Diabetics Diagnosed Younger Have Longer Life Expectancy – Study
A new study by Finnish scientists into type 1 diabetes suggests that the earlier children are diagnosed the better their chances of living longer. They found young people diagnosed between 15 and 29 had a poorer survival rate than children diagnosed between birth and 14 years.
However, the research indicates that one of the major causes of premature death in young diabetics is abuse of alcohol and drugs, rather than late diagnosis or less effective care.
The study followed the cases of 17,306 type 1 diabetic patients who were no older than 30 and averaged 21 years. The cases, collected between 1970 and 1999, included follow-ups after diagnosis for up to 21 years and cause of deaths.
The team of researchers found the diabetic group who were diagnosed at an earlier age had better survival statistics and that these statistics have improved over the 30 years of the study. However, the survival rate of the young people who were aged over 15 at diagnosis has declined over the period.
Type 1 diabetes occurs when the body’s immune system attacks the beta cells in the pancreas, the cells, which produce the hormone insulin, used by the body to regulate blood sugar levels. This form of the disease is not associated with obesity and typically occurs in children and young people rather than those in later life, as with type 2 diabetes.
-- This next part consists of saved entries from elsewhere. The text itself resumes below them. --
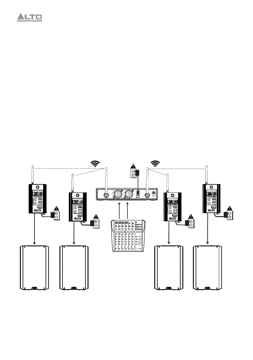 transmitter and connect the receivers’ outputs to your loudspeakers’ inputs. Keep all mixer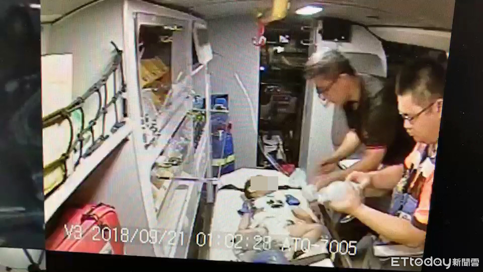 ▲警消在救護車上為男嬰初步急救。(圖/記者宋德威翻攝)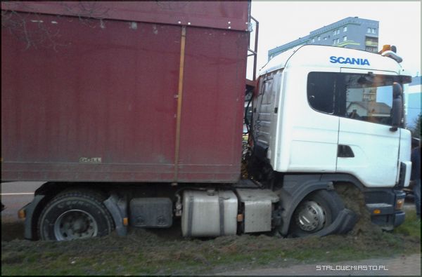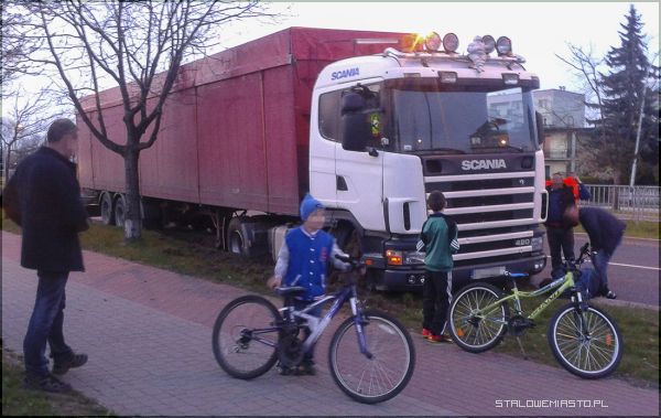 Skończyło się na strachu i kilku godzinach postoju. Wokół pojazdu zgromadził się spory tłum gapiów. Opona została wymieniona i Scania pomknęła w dalszą trasę...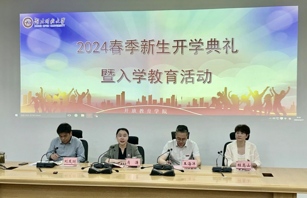 本网讯(通讯员 肖娟/文 沈雁君/图)4月27日上午,开放教育学院通过线上线下同步的方式,举行了2024年春季学期新生开学典礼暨入学教育活动。学院全体教职工和80名新生代表现场参加了活动,近1600名新生线上参会。开学典礼由院长肖潇主持。教务处处长王海洋、导学中心主任桂高山出席活动。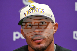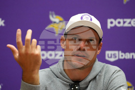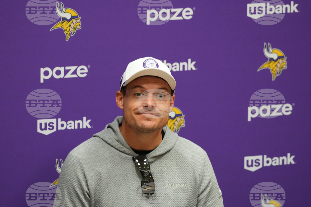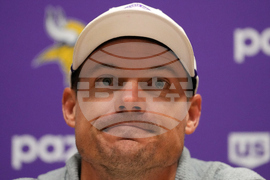 Minnesota Vikings head coach Kevin O'Connell reacts during a press conference ahead of their match against Pittsburgh Steelers in Dublin, Friday, Sept. 26, 2025.(AP Photo/Frank Augstein)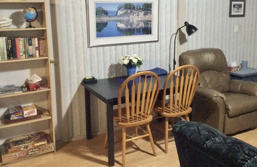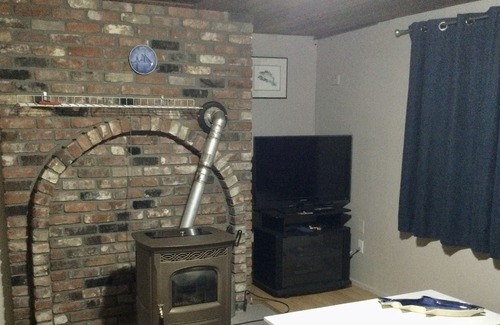 Cozy air conditioned basement suite with private entrance and covered parking. Couch and Recliner in living room, with pellet stove, and TV. Full kitchen with washer and dryer. Easy access to Island Highway. Close to Malls, Forest Discovery Center with Steam Locomotives, Hand of Man museum, and The Raptors Nature conservatory. Back yard with shade has picnic table and lounging chairs to relax after a day of touring.

At present, there is no prevention or cure for the disease.
Great advances have been made in recent years in diabetes treatment and care, and with good blood sugar control and general healthcare, a diabetic can live a normal life with a good life expectancy. However, the mortality of diabetics is still significantly higher than that of healthy people in the population, with type 1 diabetics having a seven times greater mortality rate. For some reason women with type 1 diabetes are 13 times more likely not to survive, compared to 5% for men. Some ethnic groups have poorer survival rates than others.
Type 1 diabetics are normally insulin dependent; that is, they require injected insulin to control their blood sugar levels, and need to monitor their intake of carbohydrate. Up to now there has been little study into the comparative survival and mortality rates of type 1 diabetics based on the age at diagnosis.
This new study, published on the British Medical Journal’s website, found that alcohol and drugs were the cause of 39% of deaths in type 1 diabetics who had been diagnosed later in life. The team said this underlined the vital importance of good doctor-patient relationships; guidance and advice for young diabetics, especially as the abuse of drugs and drink have soared in recent years. They also cited smoking as a bad activity for diabetics to indulge in.
The team did not look into the psychological causes for drink and drug abuse, for example whether diagnosis with a serious disease might lead the patient into drinking and drug-taking through depression or through a desire to lead a “normal” social life.